- What to work on
From the first line below to the last, reproduce the material exactly and leave out the images.

- Dataset content
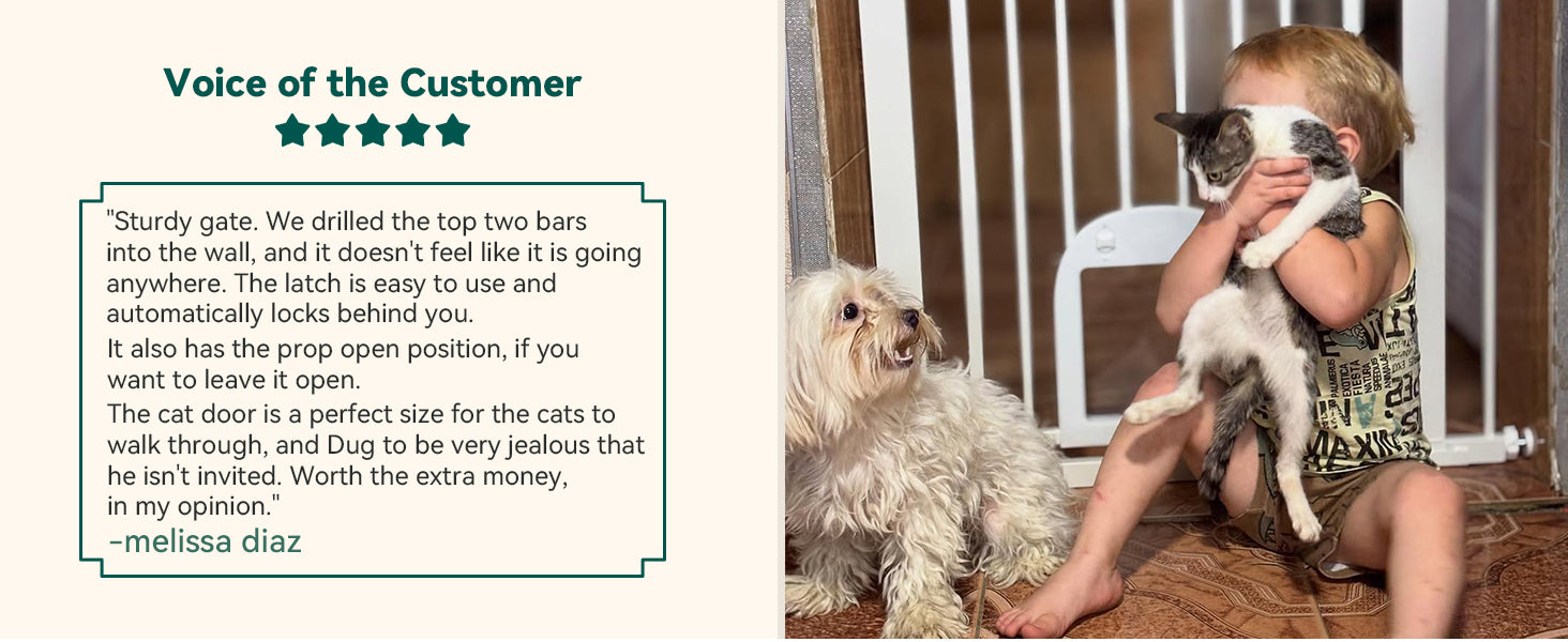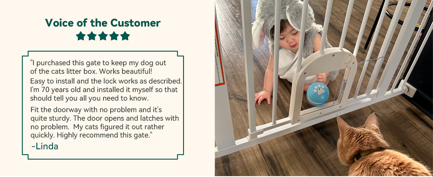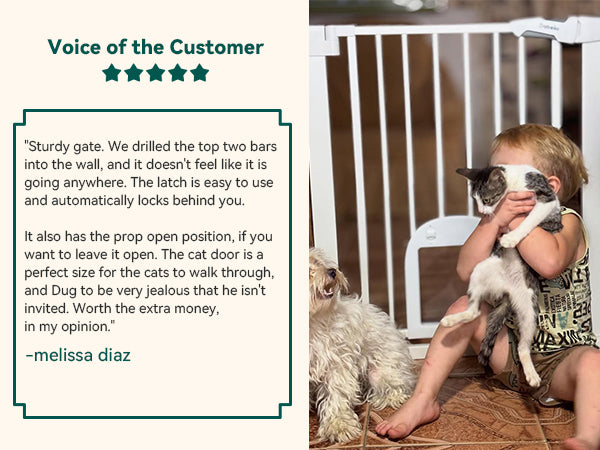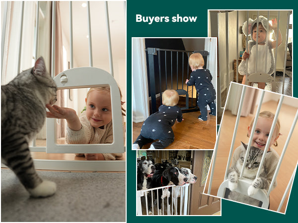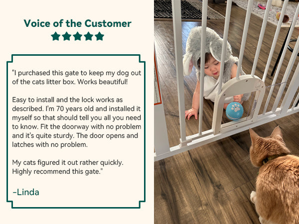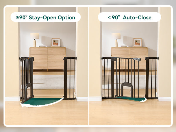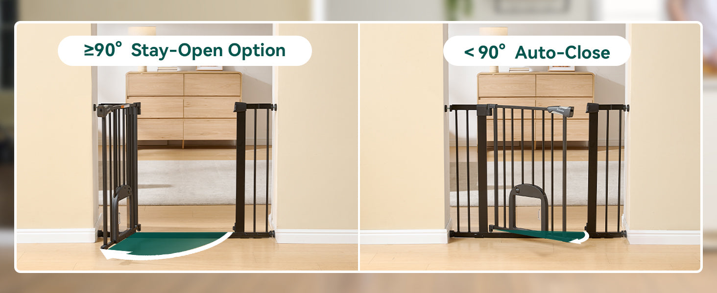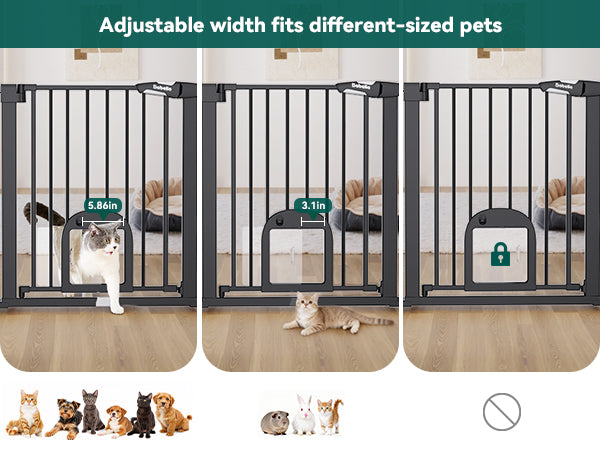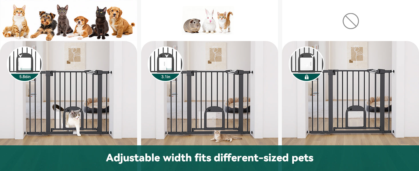 Adjustable Clear Cat Door: Unlike standard gates with metal bar cat doors, the T7 features a adjustable acrylic pet door. It can be locked at different heights or closed completely, giving you total control.
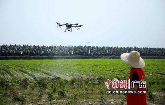 幸福田园工作人员操控无人机为农作物洒水施肥。增城区融媒体中心 供图
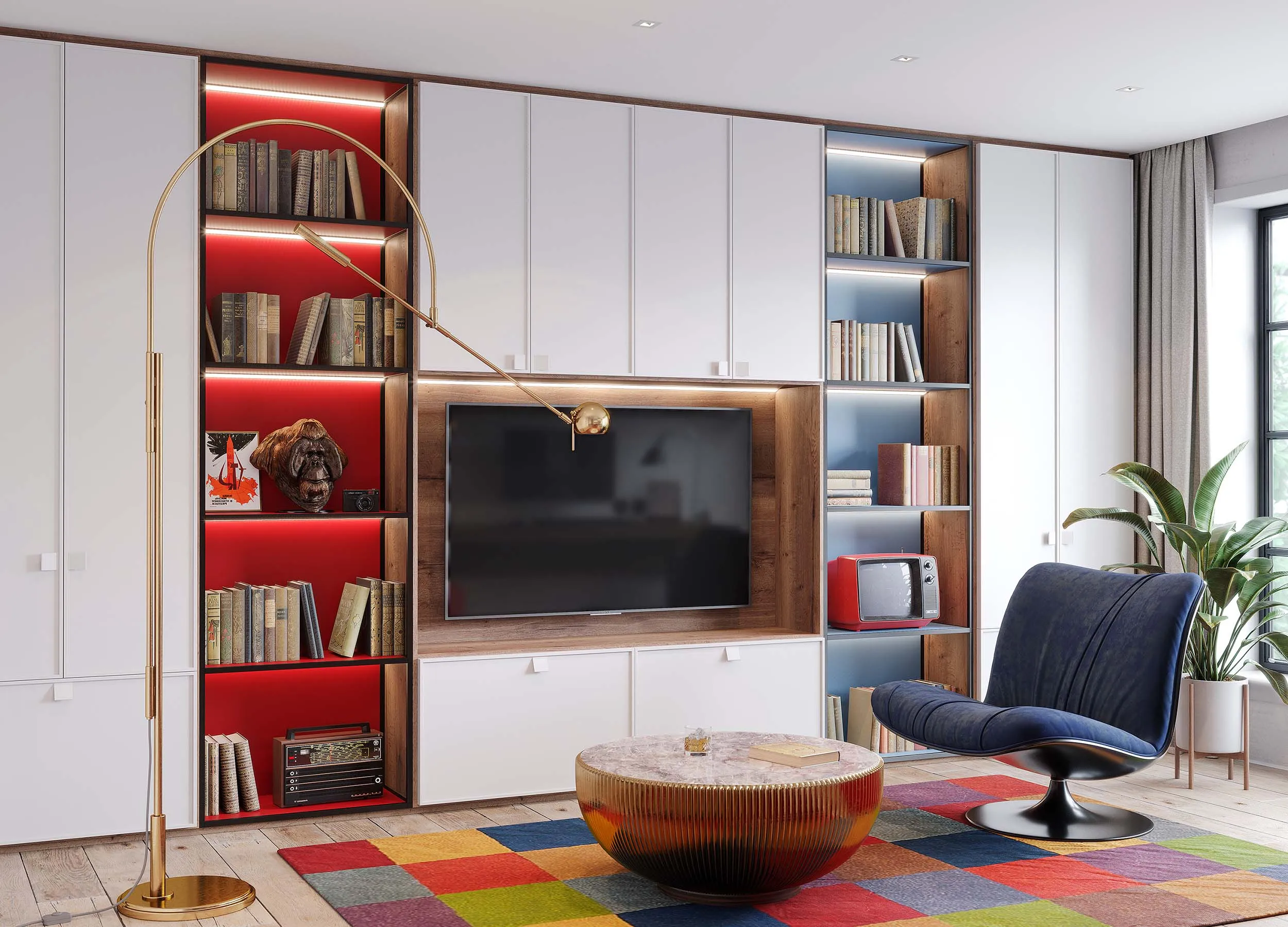 Преимуществом подобных систем является большое количество стеллажей и тумб, которые можно менять местами, ставить в различных частях комнаты. Наличие секции с полкой для телевизора дает возможность отдельно сформировать ТВ-уголок с мягкой мебелью, переставив остальные модули, правильно зонировав помещение.
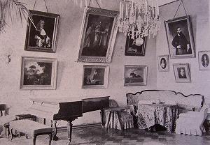 На специальных открытых "горках" был выставлен саксонский сервиз с вензелями Екатерины II. Стены украшал "Мужской портрет" школы Веласкеса, "Наказание Марсия Аполлоном" школы Веронезе, "Снятие с креста" Пальмы Младшего, картины П.Насона, Г.Терборха, В.А.Тропинина, В.К.Шебуева, И.К.Айвазовского, Ф.А.Васильева, В.А.Серова.

- Answer for this exercise
 Adjustable Clear Cat Door: Unlike standard gates with metal bar cat doors, the T7 features a adjustable acrylic pet door. It can be locked at different heights or closed completely, giving you total control.
 幸福田园工作人员操控无人机为农作物洒水施肥。增城区融媒体中心 供图
 Преимуществом подобных систем является большое количество стеллажей и тумб, которые можно менять местами, ставить в различных частях комнаты. Наличие секции с полкой для телевизора дает возможность отдельно сформировать ТВ-уголок с мягкой мебелью, переставив остальные модули, правильно зонировав помещение.
 На специальных открытых "горках" был выставлен саксонский сервиз с вензелями Екатерины II. Стены украшал "Мужской портрет" школы Веласкеса, "Наказание Марсия Аполлоном" школы Веронезе, "Снятие с креста" Пальмы Младшего, картины П.Насона, Г.Терборха, В.А.Тропинина, В.К.Шебуева, И.К.Айвазовского, Ф.А.Васильева, В.А.Серова.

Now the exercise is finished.